Many small-business owners who have been turned down for a Small Business Administration-backed loan from a local bank may think they’ve been disqualified from the SBA program. That is not the case.
Business owners need to remember that the SBA is not the actual lender. Consider the SBA like an insurance policy or a government guarantee that bank and lenders use in case a loan goes bad. With SBA backing, the banks and lenders are guaranteed a percentage of the loan. Because of this, the SBA has developed its SBA Standard Operating Procedure (SOP) for banks and lenders to use as guidelines in order to exercise the SBA guarantee for loans.
So when you approach a lender with your unique loan, the lender will base its decision on its credit policy and appetite for risk, as well as how it interprets the SOP. One would think that because there are so many rules and regulations, there would be uniform consistency in which loans get through and which do not.
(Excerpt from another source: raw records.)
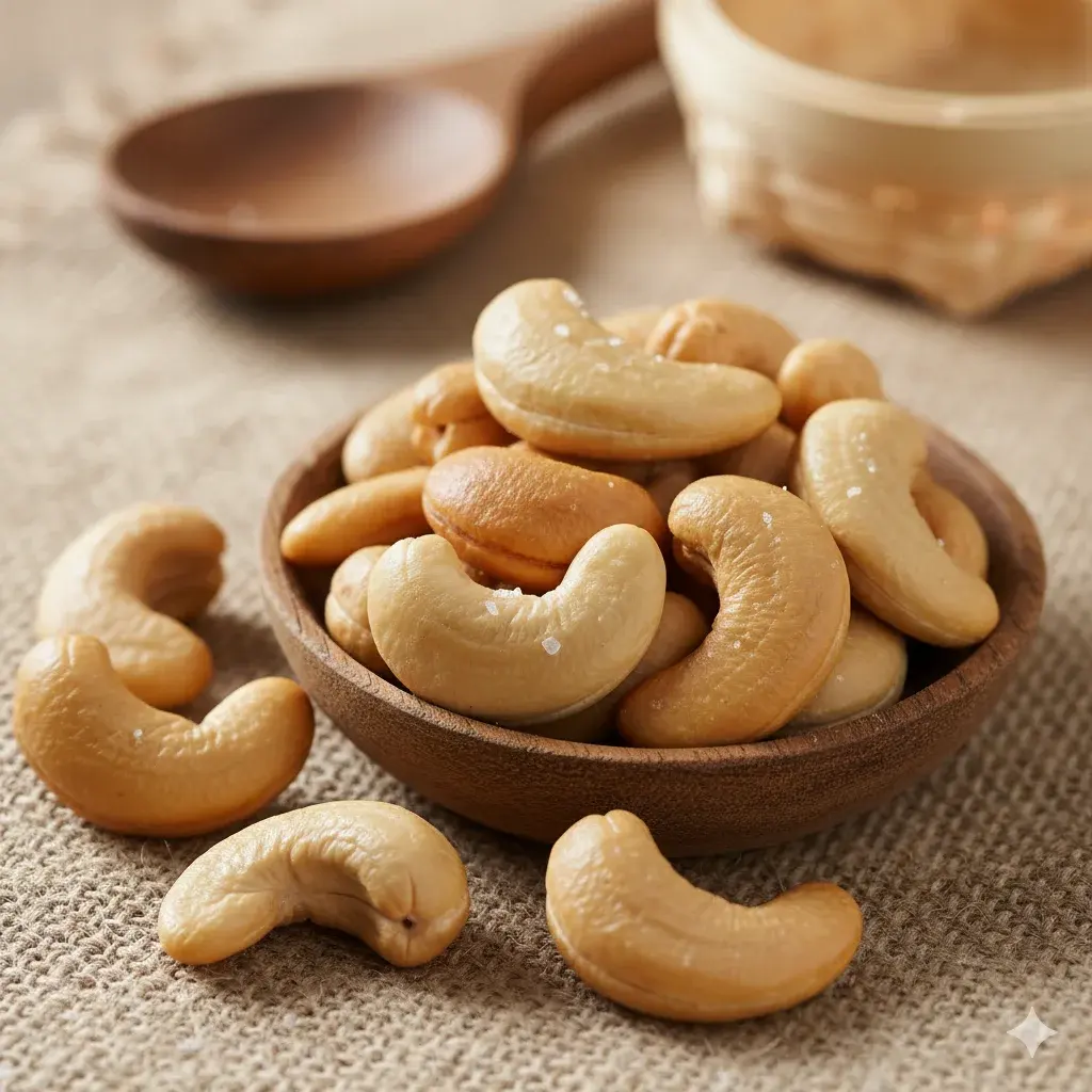 เม็ดมะม่วงหิมพานต์ถือเป็นของว่างชั้นดีที่ธรรมชาติมอบให้ เต็มไปด้วยไขมันดีประเภทไม่อิ่มตัวเชิงเดี่ยว โปรตีน วิตามิน K และ B6 รวมถึงแร่ธาตุสำคัญอย่างทองแดง แมกนีเซียม และฟอสฟอรัส มันมีรสชาติหอมมัน กรอบ และมักถูกนำไปคั่ว อบ หรือบดทำเนยถั่ว เพื่อใช้เป็นส่วนผสมในอาหารและขนมหลากหลายชนิด นอกจากรสชาติที่อร่อยละมุนแล้ว มันยังเป็นอาหารที่มีคุณค่าทางโภชนาการสูง สามารถช่วยบำรุงหัวใจและหลอดเลือดได้เป็นอย่างดี ด้วยคุณสมบัติของไขมันดีที่ช่วยลดระดับไขมันเลวในเลือด อีกทั้งยังช่วยบำรุงกระดูกและฟันให้แข็งแรงจากแร่ธาตุที่อุดมสมบูรณ์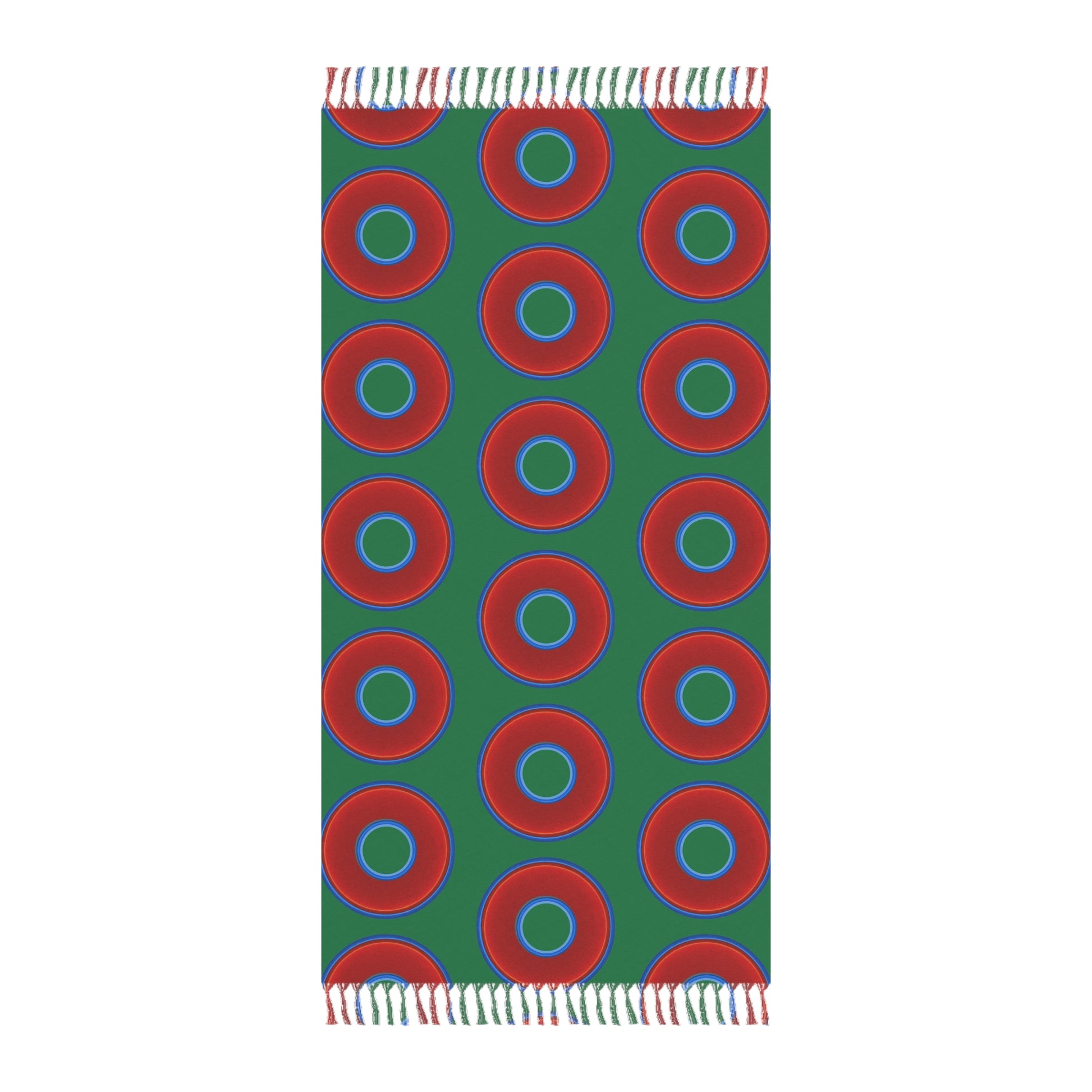 Oversized Lumpy Beach Towel - vivid red donuts w/green background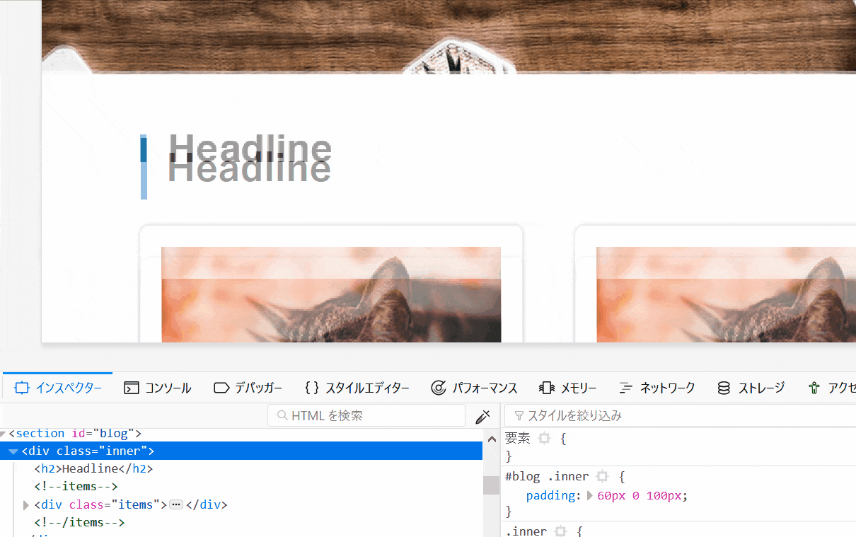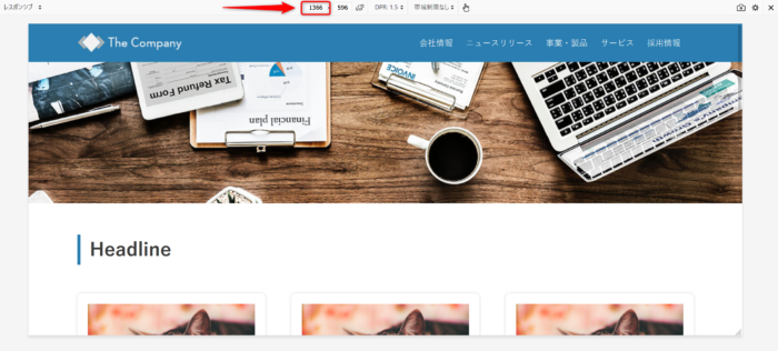 それでは実際にコーディングしたサイトに重ねてみましょう。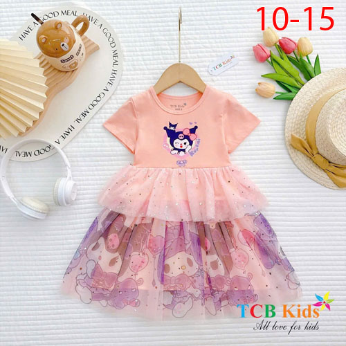 A414344 - Đầm thun phối lưới KUROMi trên thun cotton 4c thân dưới gồm 3 lớp_Size 10-15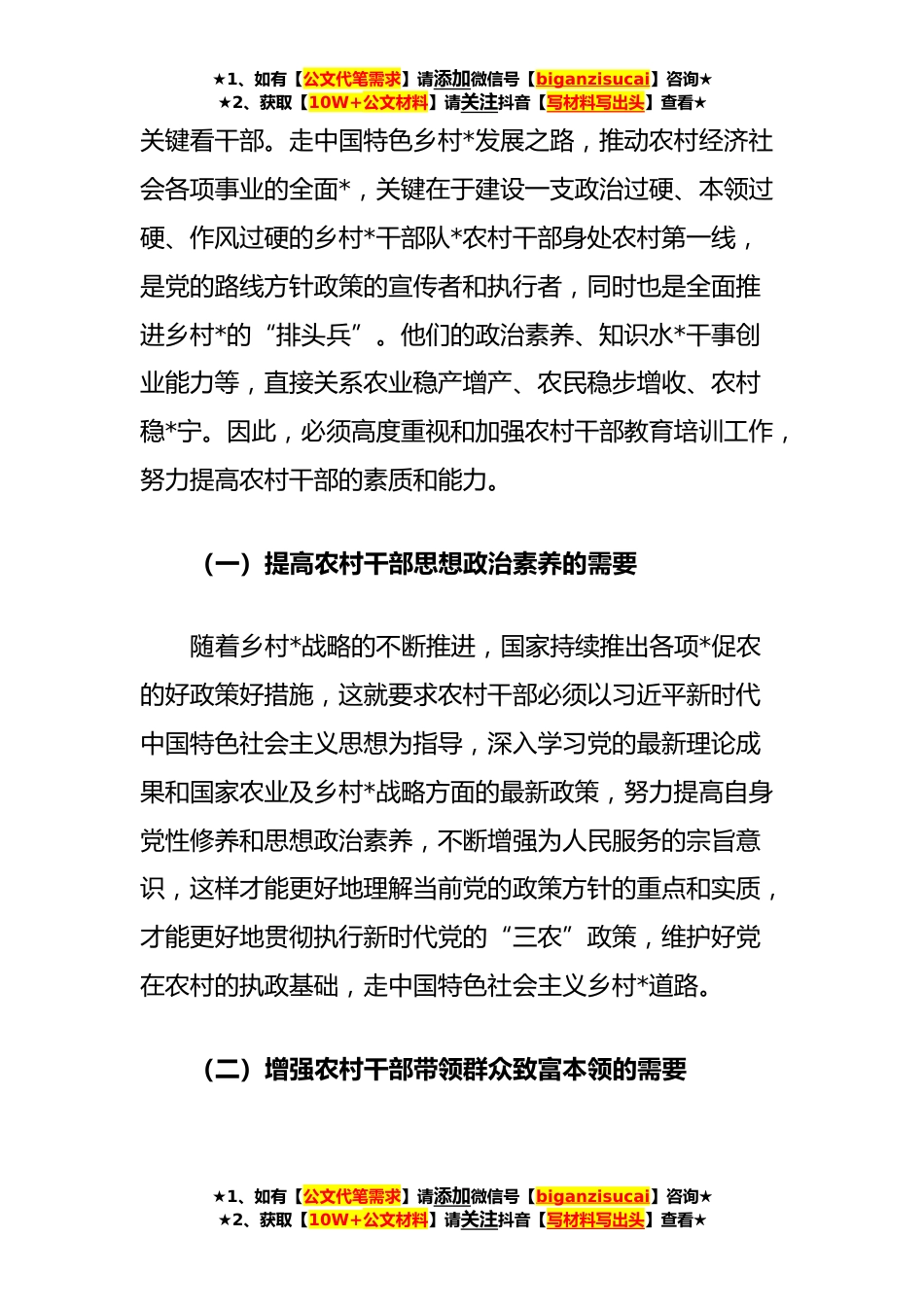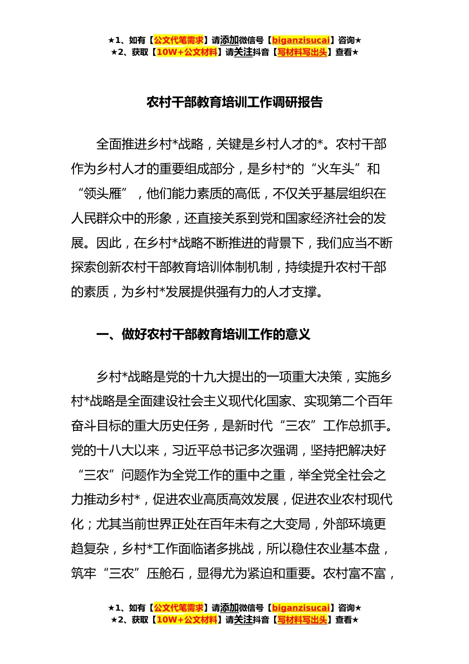 ★1、如有【公文代笔需求】请添加微信号【biganzisucai】咨询★★2、获取【10W+公文材料】请关注抖音【写材料写出头】查看★农村干部教育培训工作调研报告全面推进乡村*战略,关键是乡村人才的*。农村干部作为乡村人才的重要组成部分,是乡村*的“火车头”和“领头雁”,他们能力素质的高低,不仅关乎基层组织在人民群众中的形象,还直接关系到党和国家经济社会的发展。因此,在乡村*战略不断推进的背景下,我们应当不断探索创新农村干部教育培训体制机制,持续提升农村干部的素质,为乡村*发展提供强有力的人才支撑。一、做好农村干部教育培训工作的意义乡村*战略是党的十九大提出的一项重大决策,实施乡村*战略是全面建设社会主义现代化国家、实现第二个百年奋斗目标的重大历史任务,是新时代“三农”工作总抓手...

The truth, however, is that this answer is often not so clear. Some banks and lenders interpret the SOP in different ways, and herein lies some of the confusion.
It’s so easy for a small-business owner to think that what one lender says is in fact black and white across the board and assume it to be SBA policy. Borrowers should not take a blanket “no” from one SBA lender as a rejection. The SBA offers incredible benefits to borrowers. You just might have to kiss a few frogs before you meet your prince.